Here's the code:
#include<iostream>
using namespace std;
typedef struct ptrs
{
int (*addptr)(int a, int b);
}mems;
int add(int a, int b)
{
int result = a+b;
return result;
}
int main()
{
mems ptrtest;
ptrtest.addptr = &add;
int c = (*ptrtest.addptr)(3,4);
//int c = ptrtest.addptr(3,4);
cout << c << endl;
return 0;
}
if I replace the code int c = (*ptrtest.addptr)(3,4); with it's next line(annotated now), the result will be the same, why is that?

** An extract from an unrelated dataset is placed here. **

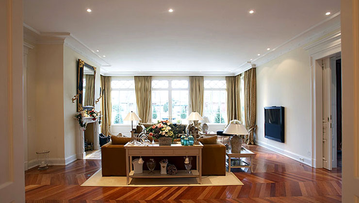 Wohnzimmer mit individuellem Stuckprofil in enger Absprache mit den Auftraggebern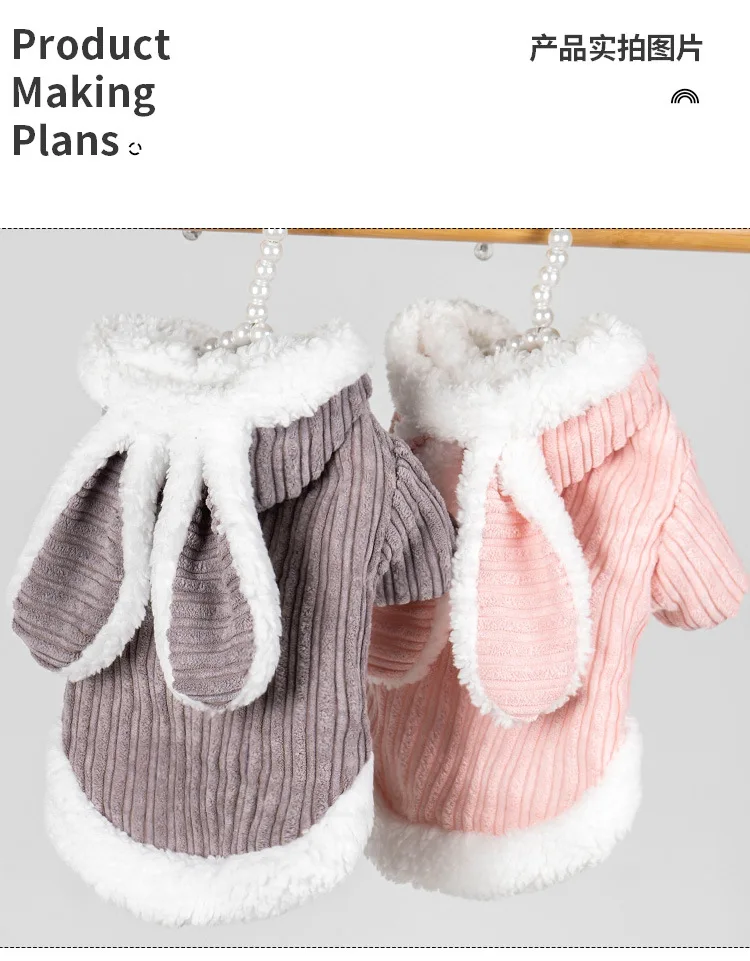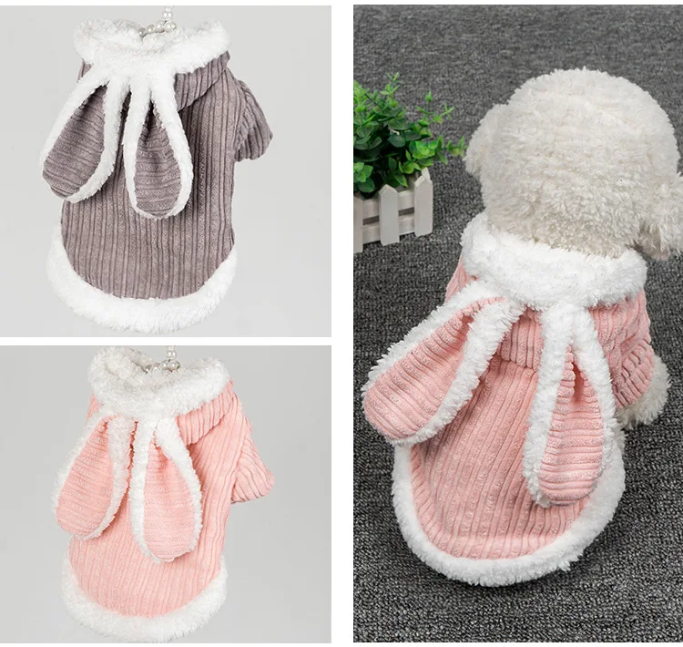 Abrigo exterior con Orejas de conejo de peluche para otoño/invierno, ropa para perros, osos de peluche, cachorros y gatos, ropa para cachorros, ropa para perros pequeños

Of course, int c = (*ptrtest.addptr)(3,4); is the base case. However, in C++ (and in C as well), if you use the call (()) operator on a function pointer, it will do the "dereferencing" automatically. Just like when assigned to a variable of function pointer type, the name of a function decays into a function pointer, i. e.
int (*fptr)() = some_func;
is just as valid as
int (*fptr)() = &some_func;
albeit the type of func is int ()(void).
ptrtest.addrptr(3,4) is the "base case"; C++ defines the function-call operator to act on function pointers, and it acts on functions via the standard function-to-pointer conversion.Functions and function pointers can be used interchangeably, presumably for convenience. In particular, section 5.2.2 of the C++11 standard specifies that a function call can occur using a function or a pointer to a function.